Через взрывающуюся дробь дождевых капель они добежали до ближайшей арки Дворца Дожей, он обнял ее и начал губами снимать с лица дождинки, слыша дыхание и стук ее сердца под тонкою влажною тканью. Она торопливо поправляла подол своего намокшего платья, облепившего стан и бедра, улыбалась и горячо шептала ему в лицо.
– Я сегодня испытала самое лучшее, что могла представить, будто во сне, только твое присутствие рядом, теплый этот дождь, простор старинной промытой площади говорит мне, что это наяву! Так жалко… но теперь мне надо в гостиницу, не могу же я ходить в таком виде.
– Я вызову такси! И пожалуйста, запомни, это наше место!

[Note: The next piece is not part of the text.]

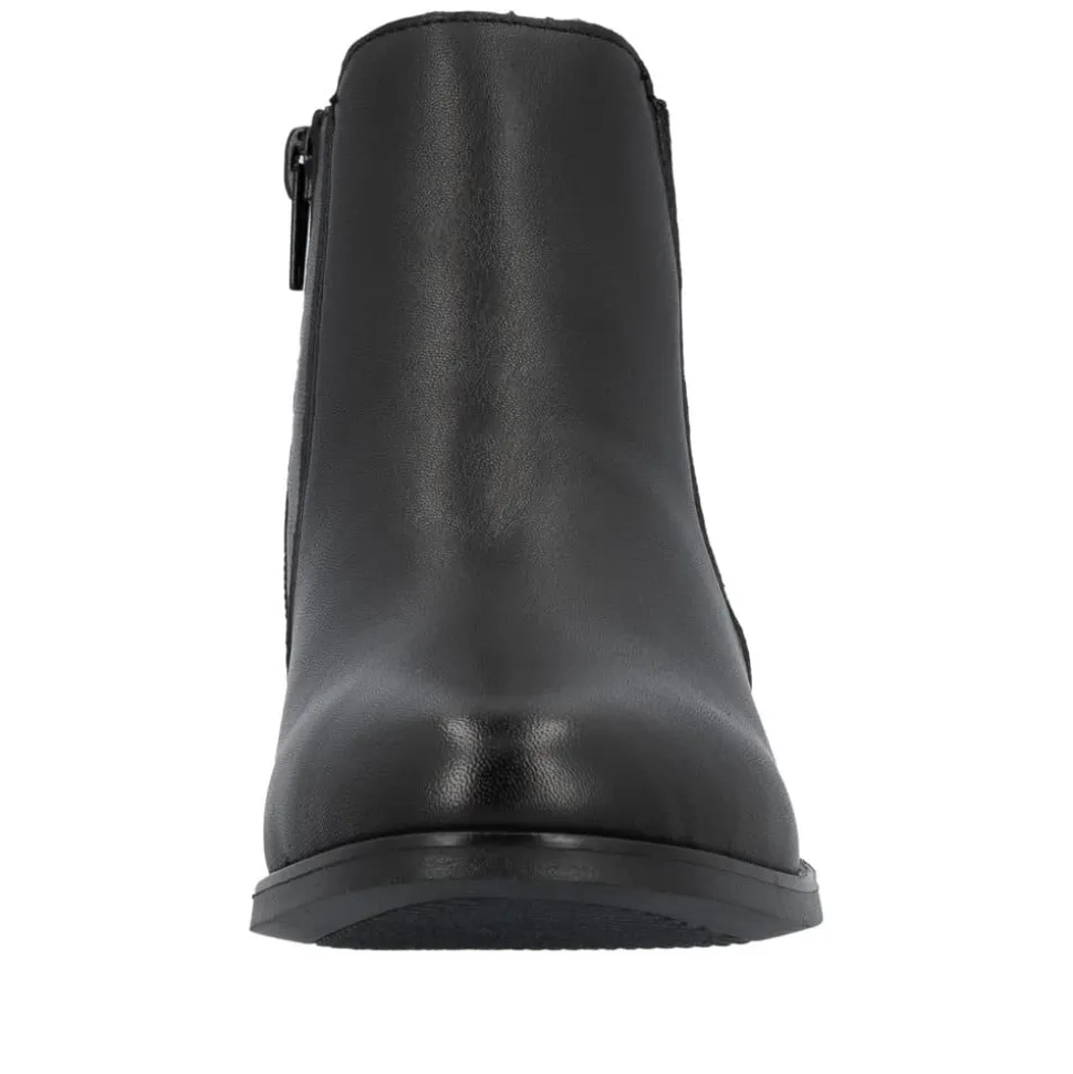 Rieker støvle til dame i sort. Moderne støvle i sort med et klassisk design og en overdel i blødt skind, der giver et stilfuldt look. Støvlen har en funktionel lynlås på indersiden og elastik på ydersiden, hvilket gør den nem at tage af og på og sikrer en behagelig pasform. Indvendigt finder du en let foring og en blød, udtagelig indersål, som giver god komfort. Den lille hæl på 3 cm tilføjer et diskret løft uden at gå på kompromis med komforten. Ydersålen er stødabsorberende og mønstret for at give øget støtte og stabilitet.

Он набрал номер вызова, сообщил, куда необходимо подъехать. И оба, мгновенно охватываясь ощущением тающего времени, волнуясь неожиданным расставанием, перебивая друг друга скорой речью, держась за руки, запоминая запах, глаза, ловя дыхание, в пугливом ожидании, что вот сейчас… вот – вот… и вздрогнули при звуке телефонного сигнала. Уже усадив ее, и поцеловав руку, он словно опомнившись, вынул из кармана визитку и успел вложить в прохладные пальцы до того, как машина сорвалась с места.

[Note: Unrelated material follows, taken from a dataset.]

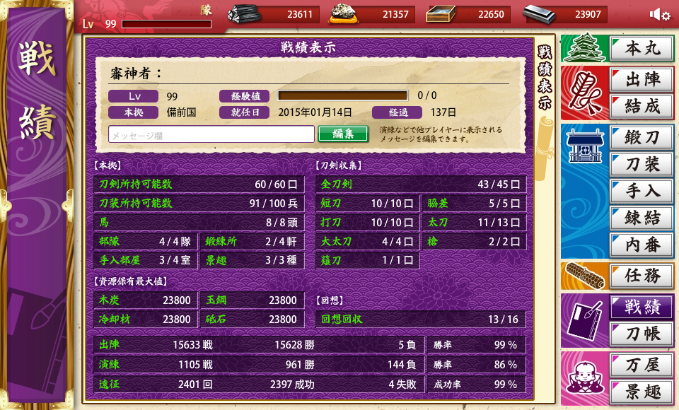 山伏92/同田貫86/獅子王79/江雪4/鶴丸8/蛍丸2/鶯丸5/一期一振2

В полночь он уже был в Москве.
Придя за полчаса до назначенного времени, терпеливо ждал, глядя на голубей, на сумеречное небо, на зажигающиеся фонари. Прошло еще два часа. Он медленно побрел в сторону набережной канала, вдыхая весенний – напоенный запахами незнакомых цветений – воздух, плавающий душными волнами.
Смотрел на привязанные к шестам гондолы, на столики уличных кафе – заполненные вечерним гулом посетителей.

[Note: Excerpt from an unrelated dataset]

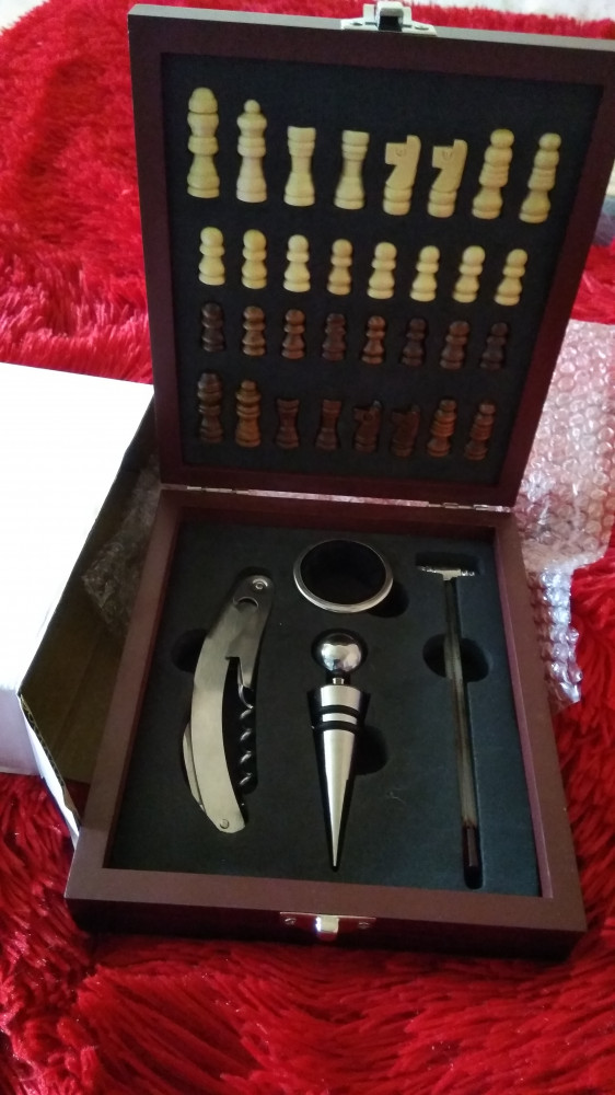 Набор для вина, 4 предмета (шахматы + термометр + кольцо + открывалка + пробка)В данный момент этот товар отсутствует в продаже. Возможно, у нас найдется аналогичный или похожий товар здесь. Последнее время стало модным иметь дома мини – бар. Неважно сколько там вариантов напитков, два или двадцать, такие инструменты как пробка, открывалка, кольцо и спиртометр просто необходимы. |

Почувствовав, как его заполняет вселенская пустота, сбежал по трехступенчатой лестнице к самой воде – место, где они сошли на берег в тот сумасшедший день – и опустил на сверкающую зыбь, сложенный лист бумаги. Долго ждал, когда он, намокнув, исчезнет в темно-зеленой глубине.
Усталый гондольер!
Свези меня на площадь
Сан Марко, в прошлое…
Она – там ждет, волнуясь
и кутаясь в свой плащ.
В вечернем блеске улиц —
вези меня скорей,
и цену мне назначь, я тут же
позабуду, и этот страшный
путь, средь холода камней,
теней мостов, и перекрестков зыбких,
лишь только я губами припаду
к ее озябшей и чарующей улыбке.
Мы станем в поздний час
бродить под облаками,
немыслимой Венеции;
средь уличных кафе
ночного плеска волн,
в плену вина, цветов,
и ярко-пряных специй,
и на ветру я буду целовать ее
глаза – с упрямою мольбою.
– Нет, нет, не уходи! Мне так легко
с тобою, и сладко – близко быть,
и слушать голос твой, и отзвуки
шагов над дымной мостовой. И со щеки
прохладной – не спеша – губами
снять дождинку, не дыша…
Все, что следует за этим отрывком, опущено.